Flex Digital Health has set itself up as a one-stop shop for pharma and med-tech companies to manage the data and infrastructure for connected devices that are subject to regulation by the FDA as well as laws like HIPAA. 

"The BrightInsights platform is basically our main product from Flex Digital Health," Dr. Kal Patel, SVP of digital health at Flex, told MobiHealthNews. "It’s an IoT platform for regulated connected devices and drugs. So what Bright Insight does is integrates at the edge with any source of medical data, whether it’s a regulated app, a regulated algorithm like a drug dosing titration algorithm, a connected device like an inhaler or a smart pill bottle or a therapy device like a CPAP machine or a dialysis machine. Regardless of the source of the data, we integrate with whatever that data source is and we manage all the regulatory privacy and security aspects of that data and whatever intended use you may have. We’re what we call medical grade; we’re really built for pharma and med tech companies in order to build digital health products on top of our platform."

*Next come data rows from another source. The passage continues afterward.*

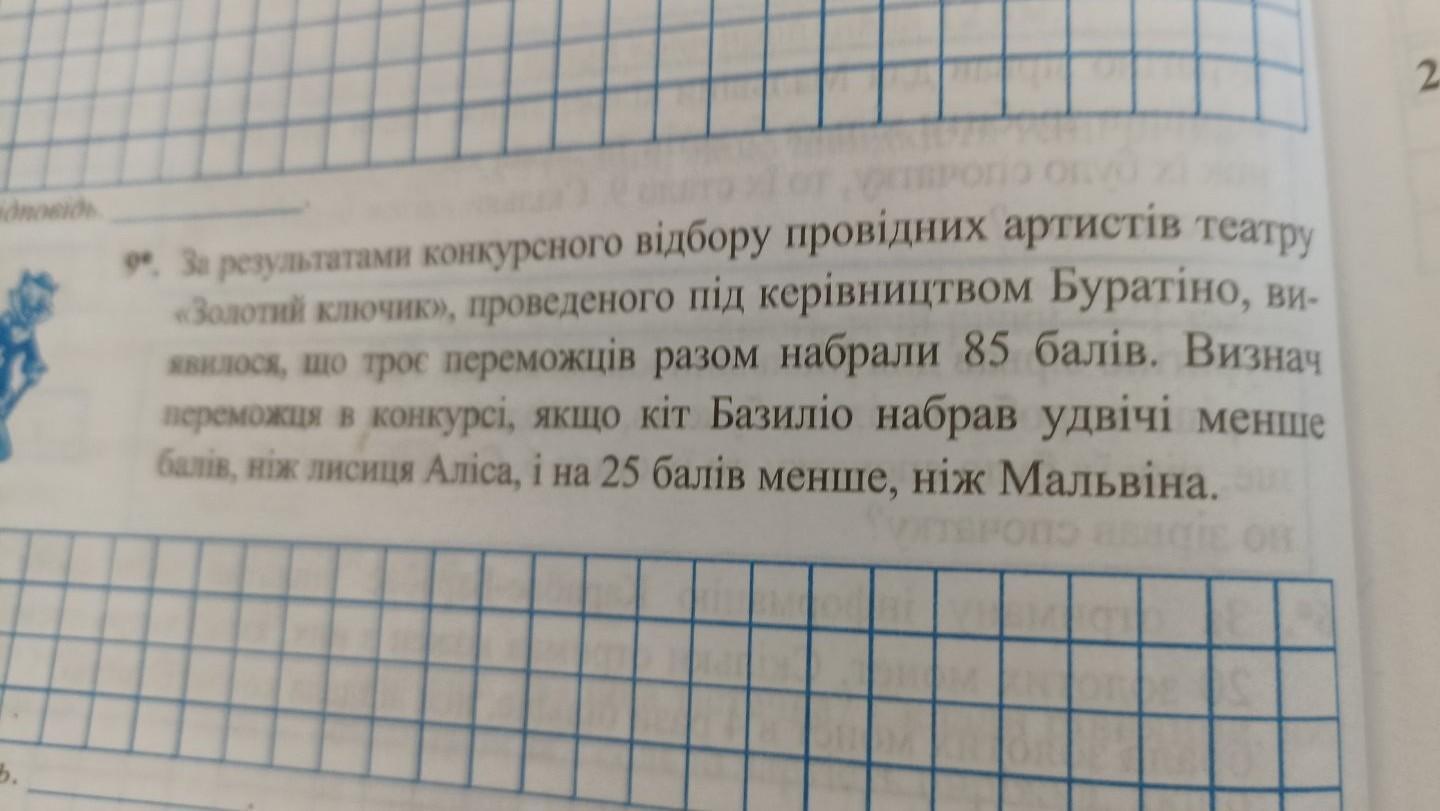 Базилио 15 балов, Алиса - 30 балов, Мальвина - 40 балов
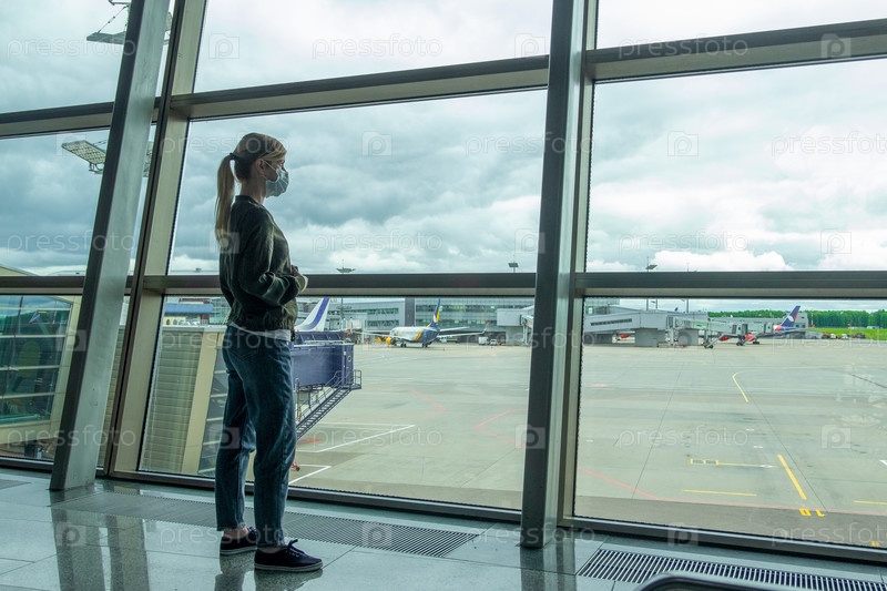 Блондинка в аэропорту смотрит в окно на взлетную площадку у самолетов
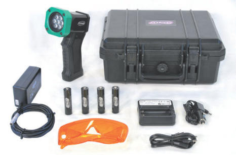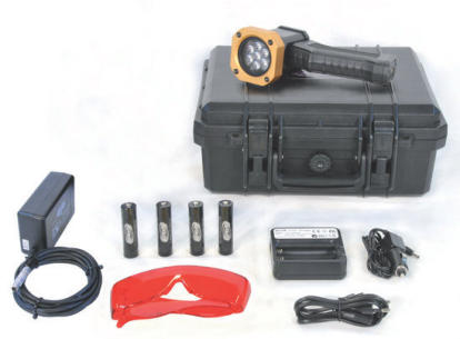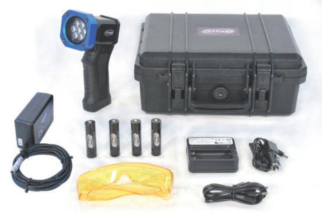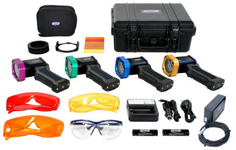 The Labino MB Aris LED Light Crime Kit - Alternative Light Sources (ALS) are invaluable for detecting substances (forensic trace) at a crime scene such as: body fluids (semen, urine, saliva, vaginal fluids, blood, sweat etc.), bruising, hair, fibres, foot prints, fingerprints, Ninhydrine (treated fingerprints), Super glue (treated fingerprints), Lumicyano Treated Fingerprints, Fluorescent dyes, powders, stamps, markers, basic yellow 40, Cyanoacrylate, (SmartWater TM) and general searching.
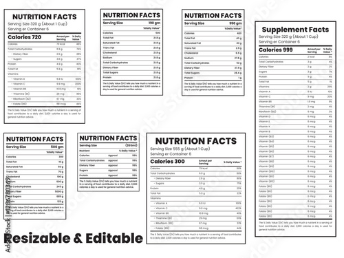 nutrition facts, supplement facts, vitamin facts, nutrition facts label, customizable vector design
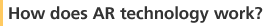 First of all, the object or scene and the information intended to accompany it are computerized. The computer performs a real-time analysis of the images filmed by a camera. It selects the information that needs to be added to the filmed image, and produces 3D digital images which are combined with the filmed material. The result is merged into a single image and displayed on the screen. The specificity of this technology is the real-time processing of the 2-D images of the camera to blend them with 3-D digital images.
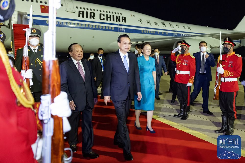 新華社金邊11月8日電(記者吳長偉 鄭明達)當地時間11月8日晚,應柬埔寨王國首相洪森邀請,國務院總理李克強乘專機抵達金邊國際機場,出席東亞合作領導人系列會議并對柬埔寨進行正式訪問。李克強總理夫人程虹、國務委員兼國務院秘書長肖捷等陪同人員同機抵達。

The connected pens will allow patients to track trends in their insulin use and discuss them with their doctor. Eventually, the connectivity opens the door for algorithms that could help patients dose properly or notifications that could prompt them to stay adherent.

What's the trend?

A slew of startups has been working on getting connected insulin pens to market since at least 2016. And big pharma hasn't been oblivious: one of those startups, Companion Medical, is backed by Eli Lillyand Sanofi funded a trial of Common Sensing's device. While Companion's InPen device has been on the market by prescription since last year, Novo Nordisk would be the first pharma company to market with a connected pen, which is historically appropriate, since Novo Nordisk invented the insulin pen itself back in 1985.

"Across the pharma and med tech industry, one thing we’re seeing that’s really promising is that pharma and med tech is really moving in a big way toward regulated digital health," Patel said. "A lot of the digital health that’s out there today operates outside of regulatory. Of course we’re seeing that change with digital therapeutics like Pear and others that have started coming along. And I think [companies are] recognizing that you need to complement things like lifestyle coaching in the unregulated space with medical-grade data and be able to develop solutions that are regulated that are doing things like making recommendations and suggestions."

Some time after it rolls out the durable pens, it intends to add connectivity to its disposable insulin pens. After that, the company has plans to work with Flex on other digital health products.